Behind The Sanity: On Fairytales, Real Life

2011 & 2012 were not the easiest years of my life.  I struggled with medical and financial difficulties;  came to acknowledge the dissolution of my marriage, and fought complete career paralysis.  Wonderful things happened as well: I discovered new and long-dormant talents; forged some incredibly deep friendships, got away from the rabid materialism that characterised my 20s, adopted a loving dog, managed to maintain a great friendship with my ex-husband, and learned a lot about myself, my personality, and why I behave the way I do.
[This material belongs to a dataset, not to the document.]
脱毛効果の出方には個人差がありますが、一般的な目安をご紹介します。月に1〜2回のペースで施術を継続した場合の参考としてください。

But in the thick of it, my automatic response to hardship and upheaval was always isolation and numbing.

peace

I’ll be here in my corner.  Go away.

I managed to keep my head above water – just barely – but I was not very optimistic about the future.  My focus was generally dedicated to getting through the next day or two.  By the beginning of 2013, I was ready to leave my beloved New York City and move to Michigan, where I grew up.

Then I met Tom.

It was a chance meeting through an online forum.  What started as a friendly side chat quickly became flirtatious.  The upside of having been thoroughly through the wringer was that I felt I really had nothing to lose.  I suggested I stop by his house in Toronto as a midpoint in my move from New York to Michigan.
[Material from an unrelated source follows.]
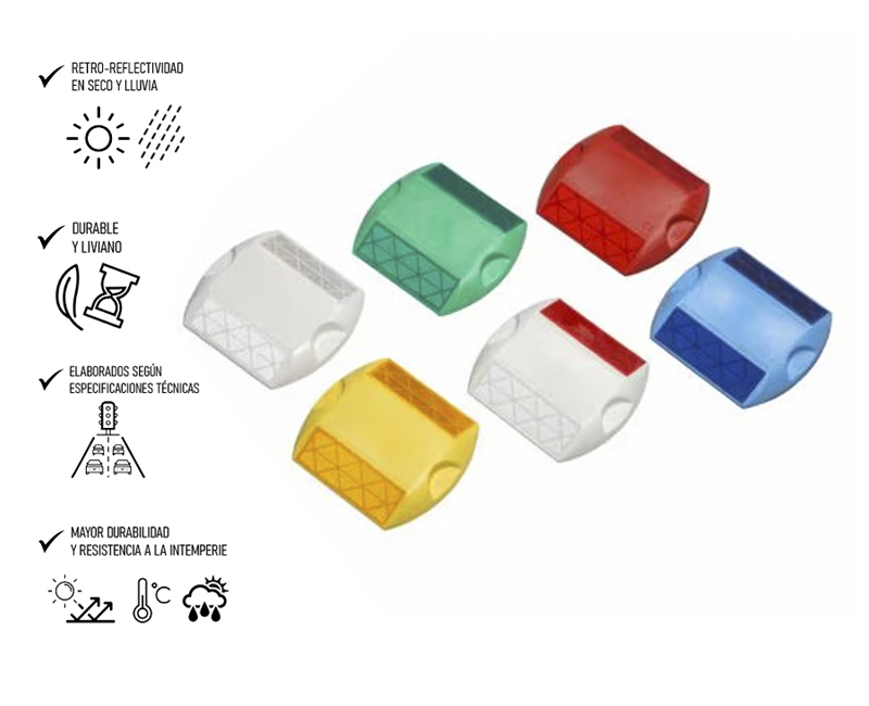 Están fabricadas en ABS de alta resistencia y relleno arenoso de alta adherencia. Cuentan con una superficie prismática que refracta la luz incidente en la misma dirección y sentido contrario. Esto las hace muy visibles para los conductores, incluso en condiciones de poca luz.

A month later we were engaged.

The next few months brought a kaleidoscope of emotions and attitudes — I was deliriously happy with Tom, but sometimes suspicious that the universe was playing a joke on me.  One moment I’d be proud of how our respective talents complement one another; the next moment I felt utterly worthless.  Living in his house in Canada made me feel like I had turned a new leaf; then my forwarded mail would arrive from the US and I’d be plunged back into the quagmire of settling medical bills and finalizing a stateside divorce.

feelings

So. Much. Happening.

We held a committment ceremony (legal marriage is a bit tied up with our immigration lawyers) in October and got comfortable in our new lives together. We juggled an insane number of pets (18  – 5 dogs, 3 cats, 4 birds, 2 turtles, 3 fish, 1 rabbit), an indecent number of lawyers, and an ailing mother (in-law); we evaluated career paths and faced financial difficulties; and most of all, we did it all while enjoying the stupefying, over-the-top love and adoration that is the hallmark of any new relationship.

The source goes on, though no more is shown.